Romance is the political currency of the independence camp. Seldom do they deviate into reason. They fully anticipate, for example, that following secession they will retain the Canadian dollar, complete with its portrait of the Queen. They imagine they will keep their Canadian passports and their capacity to trade with, and work in, the rest of the Canada. Somehow, as the more withering critics of secession have observed, they imagine that they will acquire independence but still remain part of Canada, that they will have their cake and eat it too.

Canadians who live outside Quebec, having no say over a decision which will critically affect their lives, are frothing with indignation at the prospect of their country being torn apart by a collection of romantic madmen. Such a man, it would seem, is Pierre Martin, a political scientist at the University of Montreal. A zealous separatist, Mr Martin was unable during a two-hour conversation to come up with one coherent practical argument in favour of separation.

A fact he could not dispute was that the French language had been gaining ground in C anada in recent years. Since the Sixties Canada has been an officially bilingual country. French and English are spoke at the national parliament in Ottawa and in Vancouver the labels on cereal boxes must be written partly in French. In Quebec itself, by special dispensation from Ottawa, French is the only official language. By law, all street signs must be in French. Hence in Montreal you see "Rue McTavish" and "Rue Dorchester" alongside "Rue de la Montagne". Five years ago 11,000 road signs bearing the injunction "Stop" were removed and replaced with ones that read "Arret". And besides, for 25 of the last 27 years, the prime ministers of Canada have come from Quebec.

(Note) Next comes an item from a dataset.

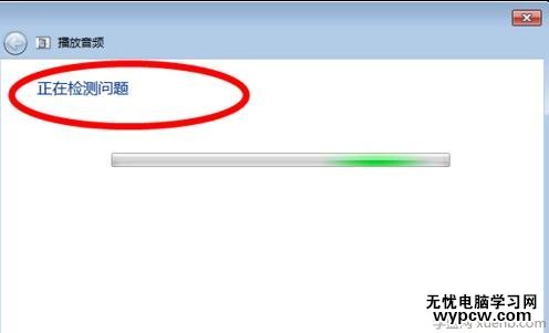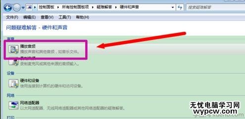 然后打開【硬件和聲音】,在【聲音】選項下,單擊【播放音頻】,然后下一步。然后可以看到系統正在檢查問題......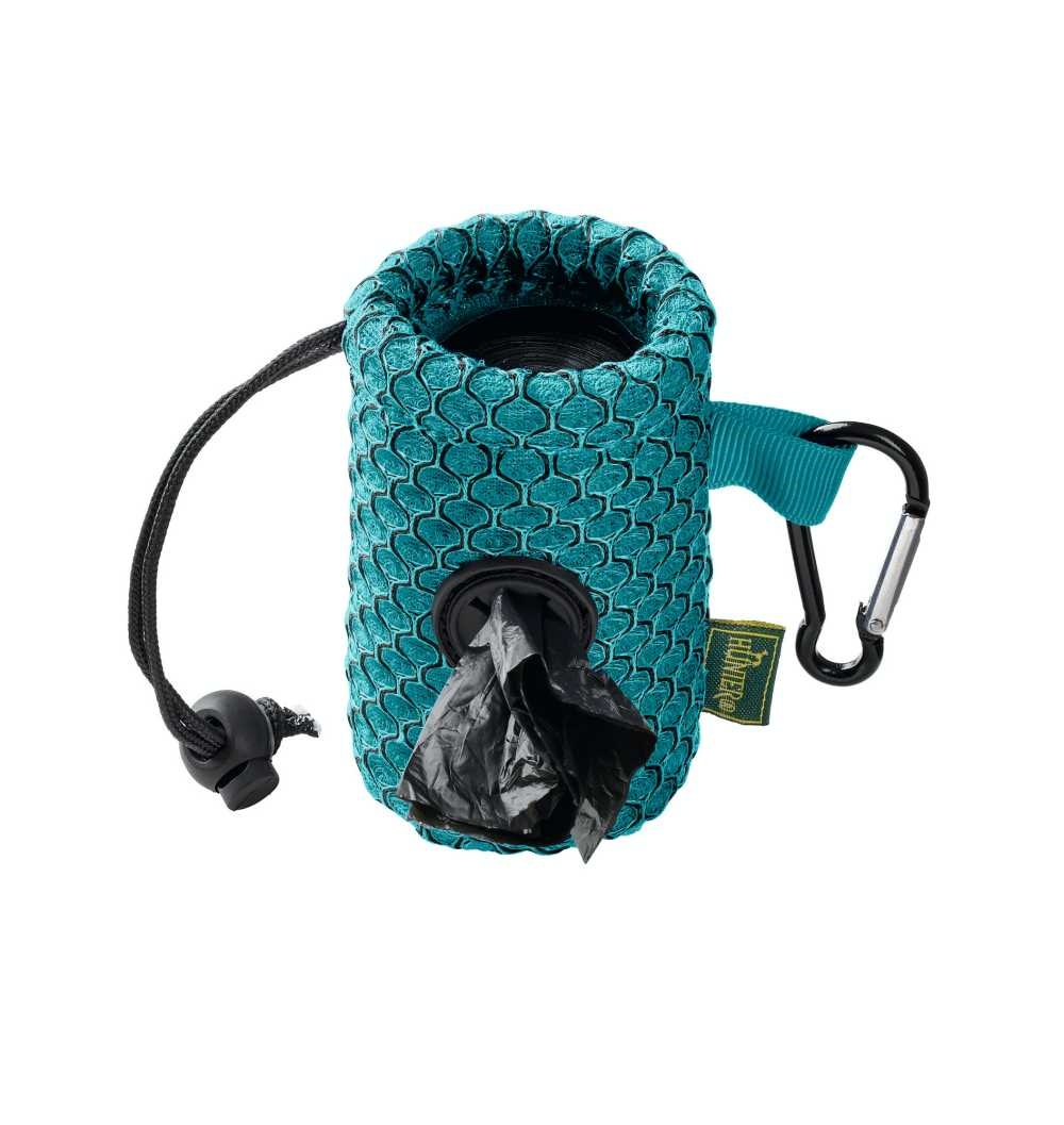 Een innovatieve turquoise poepzakhouder dat is gemaakt van zacht 3D mesh materiaal.

Those with most reason to complain are not the Quebecois minority but the English-speaking majority. Yet, as Mr Martin explained, "le coeur a ses raisons". "I remember when I was a little boy," he said, his voice redolent of the longing and sadness of the Quebec provincial motto, je me souviens. "I remember my mother was driving me around Quebec City. She told me all the houses there had been built after 1760. 'Why are there no older houses?' I asked. 'Because the English burnt them all down,' she said."

The historical event seared into the collective memory of the Quebecois is the Battle of the Plains of Abraham of 1759, when General James Wolfe defeated the French army, under the leadership of the Marquis de Montcalm, paving the way for Britain's accession of the whole of Nouvelle France in 1763.

What drives the separatists, as Nelson Wiseman of the University of Toronto explained, is the notion that they will finally undo at the ballot box what was done on the field of battle. Dr Wiseman, in common with most of the inhabitants of the rest of Canada (ROC, as they call it in Quebec) cannot quite believe that the "Oui" vote will prevail. There have been such alarms before, notably in the referendum of 1980, when Quebecers voted by 60 to 40 to remain in the union. But the latest poll result on Friday, which predicts a 51-49 result in favour of secession, is beginning to shake ROC complacency, raising the alarming suspicion that this time, when the Quebecois cry Wolfe, they might mean it.